The past seven days have not been kind to bitcoin (BTC), with the world’s largest cryptocurrency seeing its worst weekly performance since FTX collapsed in November 2022.
Due largely to the savage 7.3% plummet last Thursday, the world’s largest cryptocurrency is now approximately 11.5% lower against the US dollar on a week-on-week basis.
Cited reasons have been plentiful- Chinese economic turmoil, Elon Musk’s SpaceX capitulating all of its bitcoin holdings, low trading volumes and general risk-on anxieties in an inflationary economy.
It was likely a mix of all of the above for BTC/USDT’s bearish turn, though signs of stability are emerging.
Following the crushing end-of-week play, bitcoin bounced off lows close to US$25,000 to regain US$26,000 by Sunday evening.
At the time of writing, the BTC/USDT pair was swapping for US$26,020.
Can bitcoin steady the boat?
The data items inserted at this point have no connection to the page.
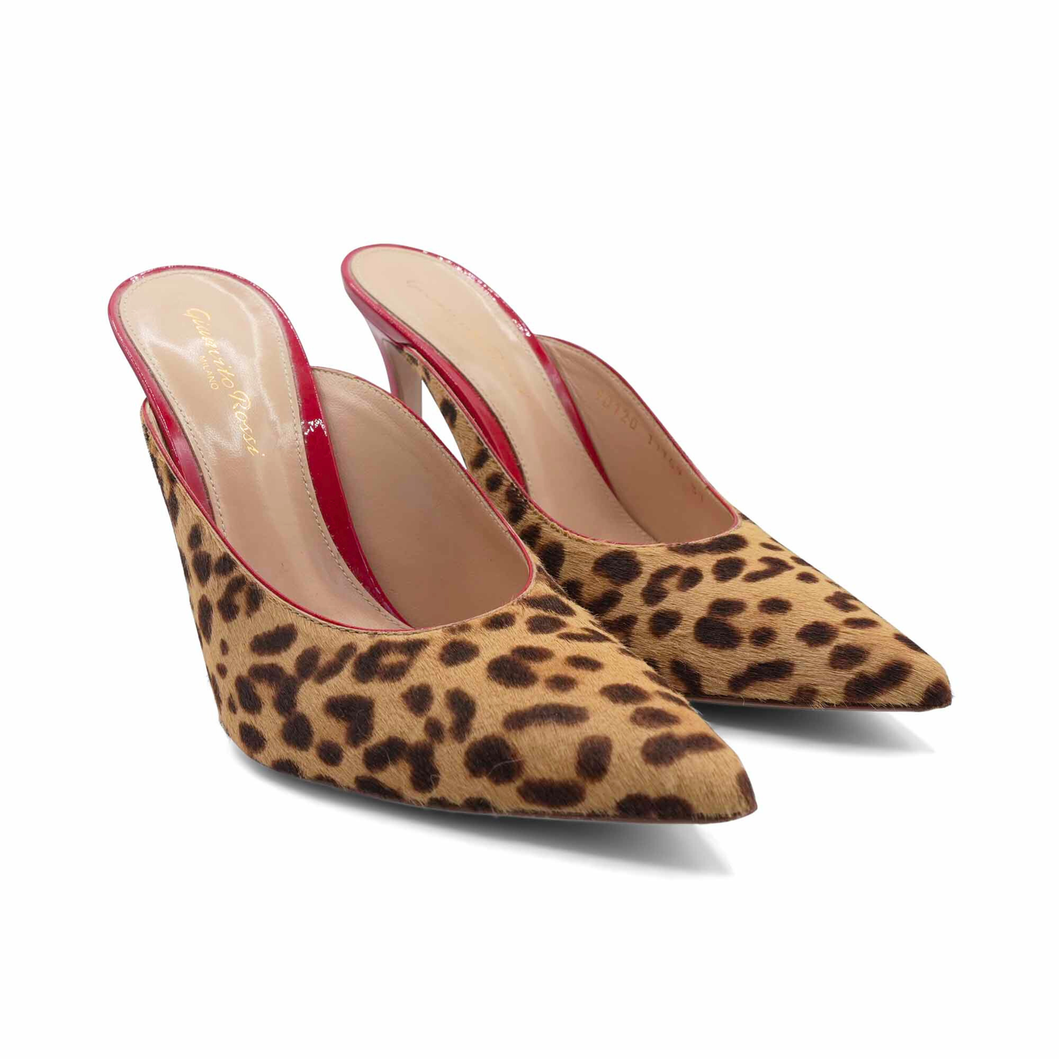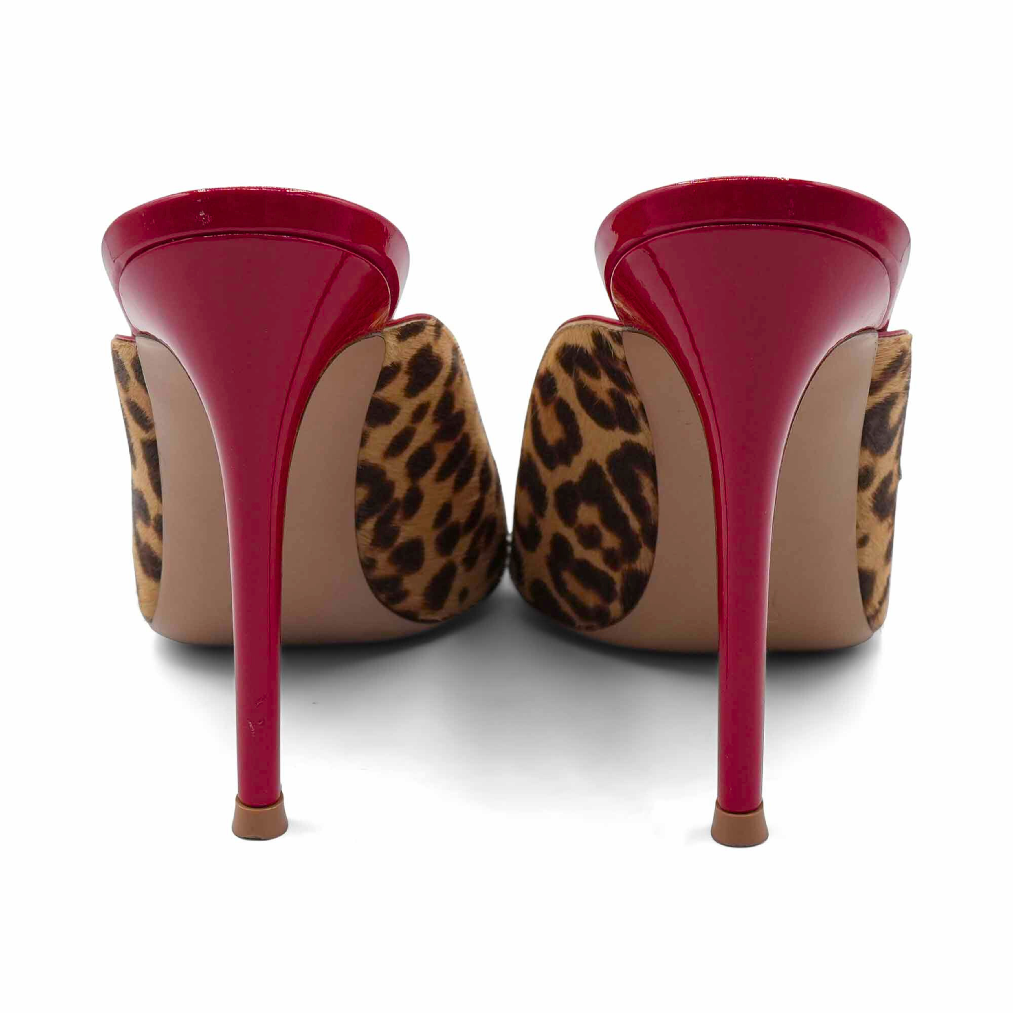 Gianvito Rossi 'Lyle' pointed toe mules in leopard print calf hair with red patent leather heels and piping.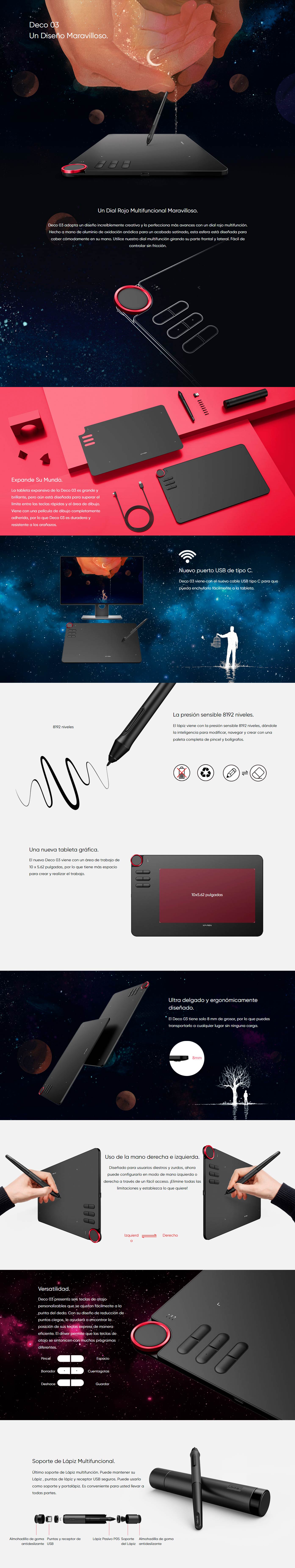 La XP-Pen Deco 03 es una tableta gráfica diseñada para artistas digitales y diseñadores. Ofrece un área de trabajo amplia y sensible a la presión para una precisión excepcional al dibujar y diseñar. Con características como teclas de acceso rápido personalizables y un lápiz ergonómico sin batería, proporciona una experiencia intuitiva y fluida. Ideal para aquellos que buscan una herramienta profesional para expresar su creatividad en medios digitales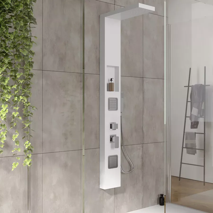 Pannello doccia alluminio con getti idromassaggio e doccetta bianco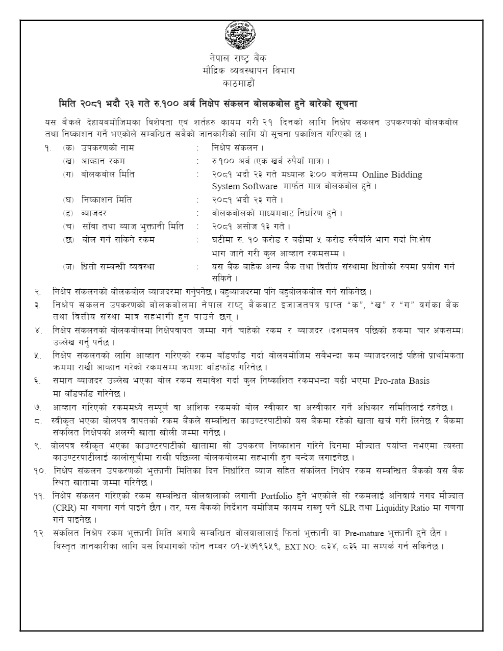 राष्ट्र बैंकका अनुसार यो रकमको साँवा तथा ब्याज भुक्तानी असोज १३ गते गरिनेछ । बैंकहरूमा अहिले ७ खर्बभन्दा बढी रकम कर्जा लगानीका लागि रहेकाले रकम सङ्कलन गर्न लागिएको राष्ट्र बैंकले जनाएको छ । कर्जाको माग नभएपछि बजारको सन्तुलन कायम गर्न राष्ट्र बैंकले बेलाबेला निक्षेप सङ्कलन गर्दै आएको छ ।

Source: currency.com
Liquidations on the futures market piled up following Thursday’s rout, but have since cooled down.
Compared to the US$400 million in bitcoin longs wiped out at the end of last week, there was a comparatively small US$8.5 million wiped out on Saturday and Sunday.
Bitcoin dominance has taken a hit, tumbling below 49% for the first time since late-July.
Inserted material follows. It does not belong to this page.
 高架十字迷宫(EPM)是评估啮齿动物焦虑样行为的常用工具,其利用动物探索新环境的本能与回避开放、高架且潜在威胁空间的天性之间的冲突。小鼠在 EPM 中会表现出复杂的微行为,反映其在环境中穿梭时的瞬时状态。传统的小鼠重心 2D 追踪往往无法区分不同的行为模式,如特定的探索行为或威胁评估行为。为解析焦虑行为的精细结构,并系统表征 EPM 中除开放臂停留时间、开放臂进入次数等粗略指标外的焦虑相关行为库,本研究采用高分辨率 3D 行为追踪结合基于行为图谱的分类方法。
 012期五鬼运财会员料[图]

Seen as a metric for confidence in bitcoin as a digital asset, dominance compares its market capitalisation against the entire cryptocurrency market cap.
As a result, the Crypto Fear & Greed Index has been pulled down to 38, the world in five months and firmly on the sell-side fear region.
The world’s second-largest cryptocurrency Ethereum (ETH) has performed slightly better than bitcoin across the week, dipping 9.5%, or 200 basis points less than bitcoin.
In the wider altcoin space, Ripple (XRP), Dogecoin (DOGE), Polygon (MATIC) and Litecoin (LTC) have all racked up losses greater than 15% over the past seven days.
Shiba Inu (SHIB) has performed even worse, penning over 22% of losses after the Shibarium blockchain encountered network challenges.
Global cryptocurrency market cap currently stands at US$1.06 trillion, down from US$1.17 trillion last Monday.